Lethal narratives have probably been around since the beginnings of warfare. They are designed to accuse the enemy of the most heinous crimes in order to justify the most violent responses. Lethal narratives attribute malevolent intention to the executor of these evil deeds – child killing, civilian massacring, deliberate killing sprees. They are weapons of war designed to demonize an enemy one wants to exterminate (and often an enemy one systematically projects).

Lethal Journalists, for a variety of reasons, inject lethal narratives into the public sphere as “news,” as what, they, in their considered judgment, think “actually happened.” Earlier war-mongering journalists may have served their governments if not their people; but more rarely have journalists served the enemies of the very civil society they are charged with informing. And since that same society, in turn, depends heavily on the accuracy of their reporting in order to make sound judgments at the voting booth and in opinion polls, such failures have serious consequences.

When the Boston Globe published fake pictures of rapes at Abu Graibh, they at once fell dupe to a completely contrived lethal narrative, and intensified the outrage and desire for revenge in the Arab world. Similarly when Newsweek published their false report of desecrating Qur’ans at Gitmo, they did the same, in this case, triggering riots in which at least 15 people were killed. The cousin of one of the London Bombers (7-7-2005) claimed that incidents like the Qur’an desecration [sic] have always been on his mind.”

In the Arab-Israeli conflict, this problem takes on a specific importance because so much of the Arab depiction of the Jews, as we see elsewhere in their public culture, partakes of the worst excesses of European anti-semitism, including the Holocaust. This problem is still more intensely virulent in the Palestinian public sphere. In the face of accusations of murderous intention, of massacre, of wanton violence, one would expect journalists to demand strong proofs before declaring this “news.” CNN’s Mike Hanna looked at Talal Abu Rahma’s footage and passed on the option of telling his lethal narrative.

Given the importance and distortion involved in Palestinian lethal narratives – a candidate for the definition of hate-speech if there ever were one – one might expect journalists from progressive cultures that openly promote peaceful relations between neighbors to have some knowledge of the Palestinian propensity for scapegoating and hate-mongering. Journalists who claim to live on Baker street (Sherlock’s address) should in principle, be able to identify these lethal narratives and present them to us (their readers and viewers) as the weapons of war that they are.
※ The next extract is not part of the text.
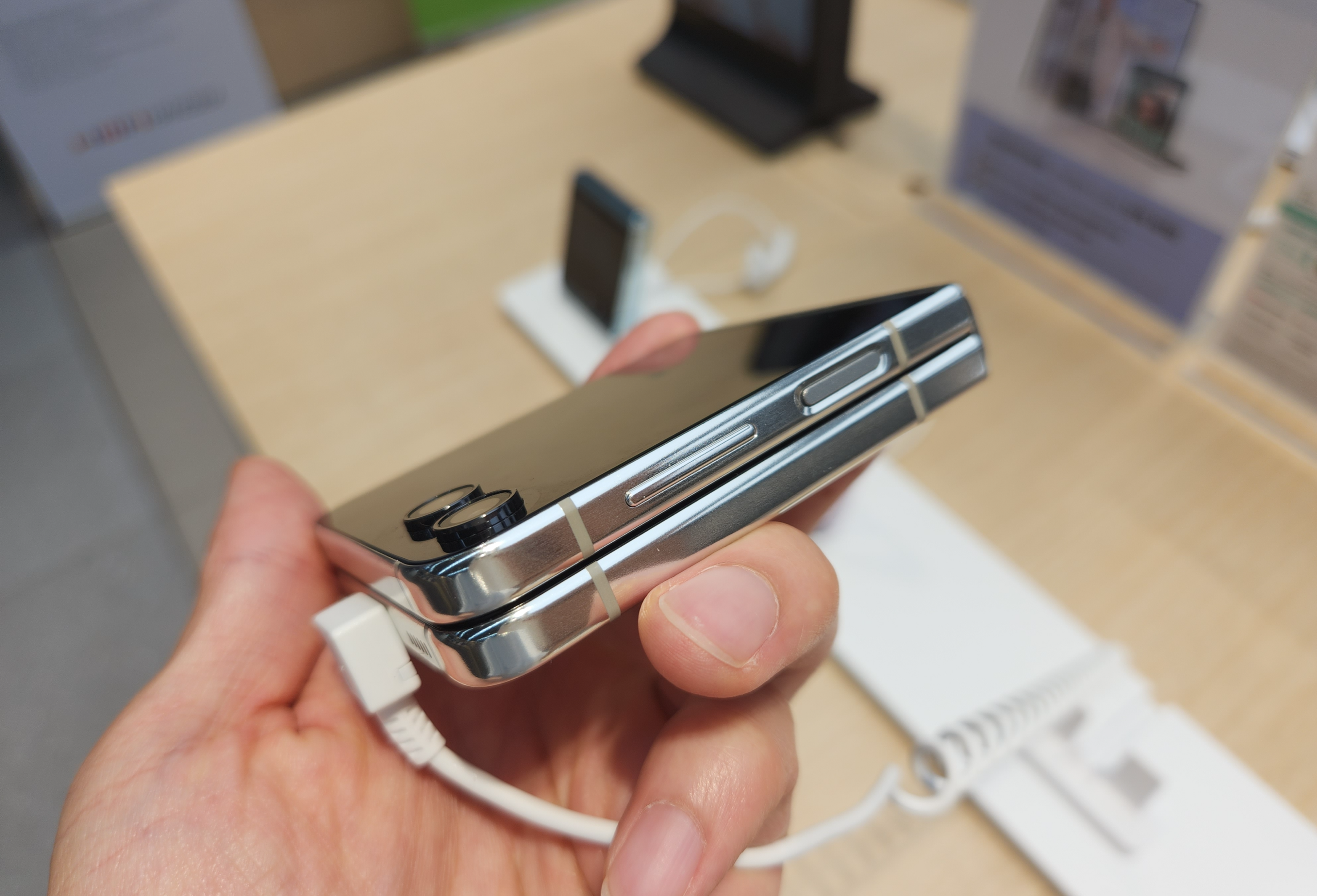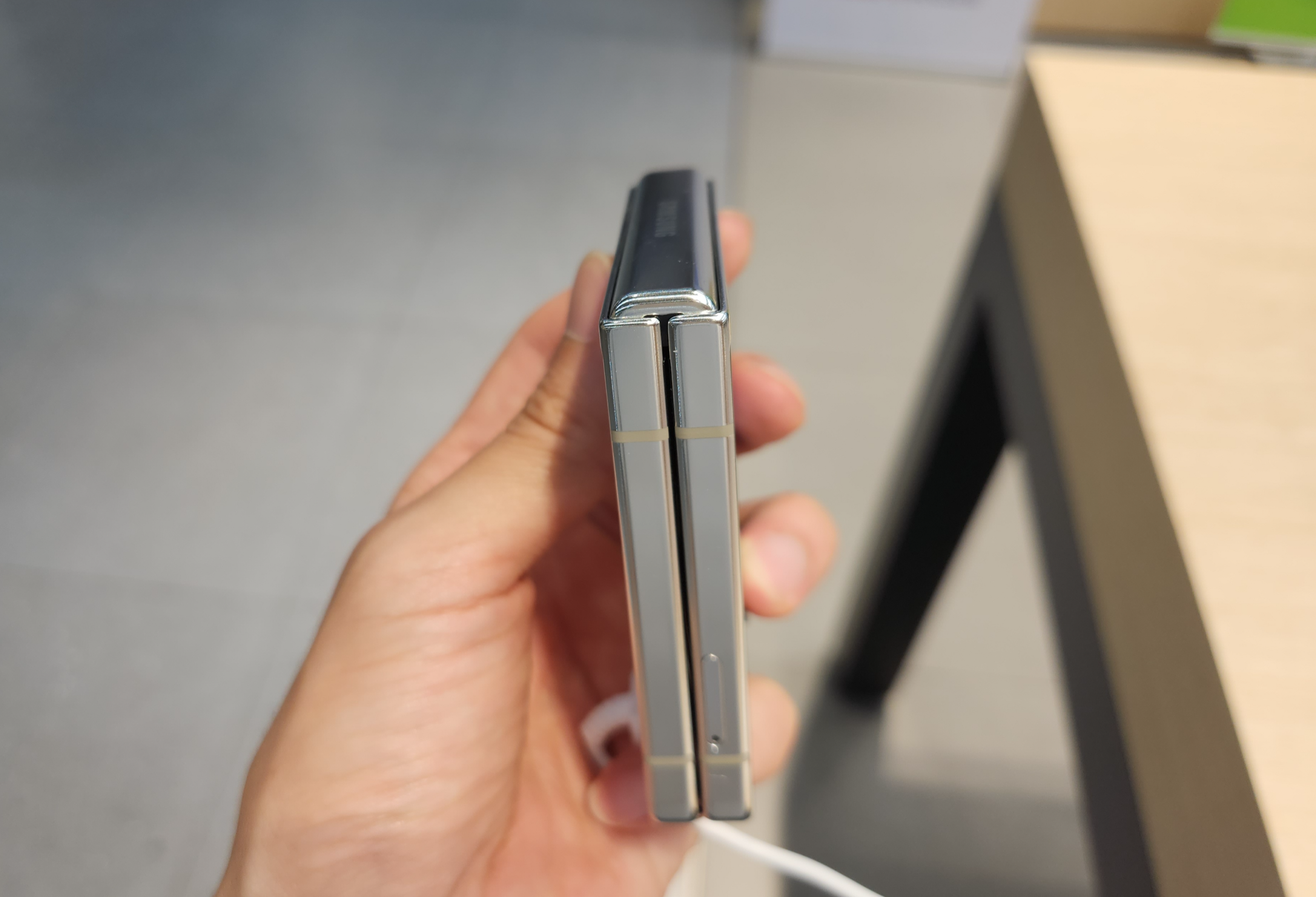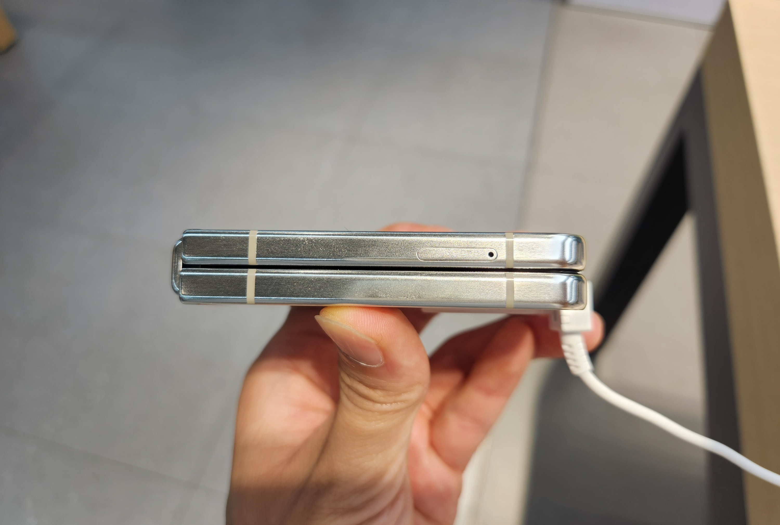 다음 변화는 플립5의 힌지에 있습니다! 힌지 부분 접었을 안쪽이나 바깥쪽이나 동일한 두께가 되었습니다. 이는 힌지 구조의 변화로 인한 것이며, 닫았을 때 힌지 부분은 최대 2mm 두께 감소가 생겼습니다. 다만 방수는 지원하나 방진을 지원하지 않는 건 아쉬웠습니다.

Journalists covering such an asymmetric conflict would presumably have developed an ability to peel the accompanying lethal narrative off the evidence available to them. One might even hope that they could distinguish between those narratives made up out of whole cloth (al Durah), with those which take advantage of real loss of life to make unfounded accusations (Gaza Beach). But instead, and perhaps in part because attacking Israel is not the same as attacking one’s own society, Western journalists are much more likely, indeed eager, to publish false accusations as news.